I went back to work today. This means the ‘theoretical’ problem I spoke of so calmly is no longer theoretical. It’s real. In case you haven’t noticed, solving theoretical problems is my jam. I’m all calm as a cucumber, anxious for nothing, totally zen….. or as Momastery would call it: I’m Suzanne. When it comes to actually living it out, in the real world…. I hyperventilated for a hot second, while repeating ‘it’s ok…. one foot in front of the other, just the next right thing, you can do this’, with approximately 50% of my brain. The other 50% of my brain was screaming, ‘you idiot, what were you thinking, there is no way you can do all of this, this is ludicrous, crazy…. CAAAA…. RAY…..Zeeeeeee!
Then I had lunch, and decided telling the world (or 20 people), that my theoretical problem solving skills and real world problem solving skills were a far cry from one another, lest y’all think I’m actually zen over here. I think the straw that broke the camels back this morning, was discovering school for the boys was starting 2 weeks earlier than I had anticipated. I was planning on an after labor day start date, sometime around September 9th. Not so fast my email said to me…. only TWO WEEKS…. TWO WEEKS…. until serious crazy train starts barreling down the tracks, because we’re due to report to our first week of CC on Aug. 26th?!? Yikes!
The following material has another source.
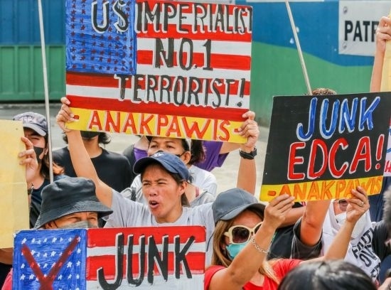 4月11日,在菲律賓首都大馬尼拉地區(qū)奎松城,民眾參加集會(huì)活動(dòng),抗議菲律賓和美國(guó)軍方舉行聯(lián)合軍事演習(xí)。新華社發(fā)(烏馬利攝)
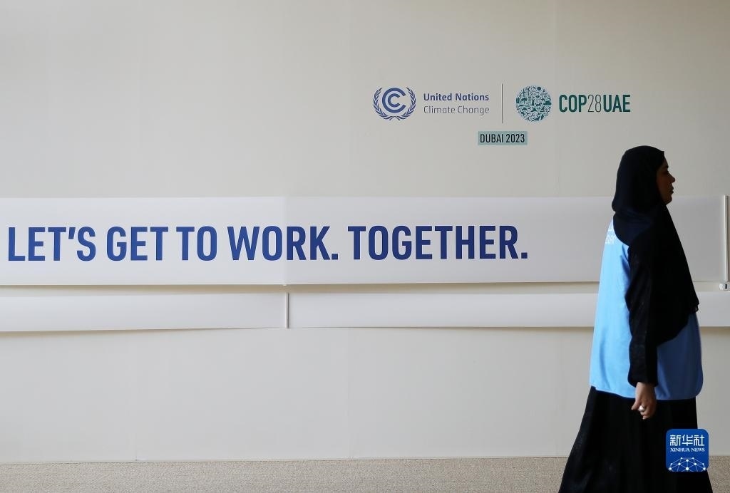 12月12日,在阿聯(lián)酋迪拜,參會(huì)人員在聯(lián)合國(guó)氣候變化迪拜大會(huì)會(huì)場(chǎng)內(nèi)工作。新華社記者 王東震 攝

Kevin knew something was up last night while we were walking around our neighborhood with the kids after dinner. I was unusually quiet. Something is usually wrong when I am not saying anything. He kept asking what was wrong, and truthfully I kept saying ‘nothing’. The thing of it is, when my brain has TOO many things to think about, it seems to actually break my brain and I can’t think about anything. It’s like I found the illusive ‘nothing’ box, that men seem to have but women only dream about. There were SO many thoughts, swirling SO fast, that I couldn’t actually nail down one to chew on…. so it left me thinking about nothing, but also apparently unable to speak. There ya’ have it Kev, should you even need the secret sauce to shut me up again, simply give me TOO much to think about!
I’ve decided I’m like Tris on Divergent trying to catch her first Dauntless train (if you’re not as hopelessly addicted to tween fiction like I am, you’ll probably miss this analogy). When her life is moving at the slow, methodical, Abnegation faction pace she blends in and keeps up. Then she joins Dauntless and her first act is to catch a moving train. It zooms past her at first, and leaves her a bit dazed while she tries to figure out what she’s going to do. Then she starts running, but the train is still out pacing her, and it looks like it might pass her by altogether. In the last second she catches her stride and makes the transition, and eventually goes on to dominate in her new faction, but not without a few bumps and bruises as she acclimates to her new lifestyle.
The only picture they had online of the train jumping was when Four (her boyfriend) was catching her and pulling her up….. But, I figure I have a hottie helping me along the way too, so it was still fitting 😉
The entire Dauntless mantra throughout the book, is about doing things despite fear, in the face of fear even, and overcoming obstacles in your way. So that’s what I’m going to do. Anxieties be damned. Yes, they’re still there, and still screaming this is INSANE, but I’ll find my pace. I won’t stand on the platform dazed. I will find my new pace, and we WILL make the transition.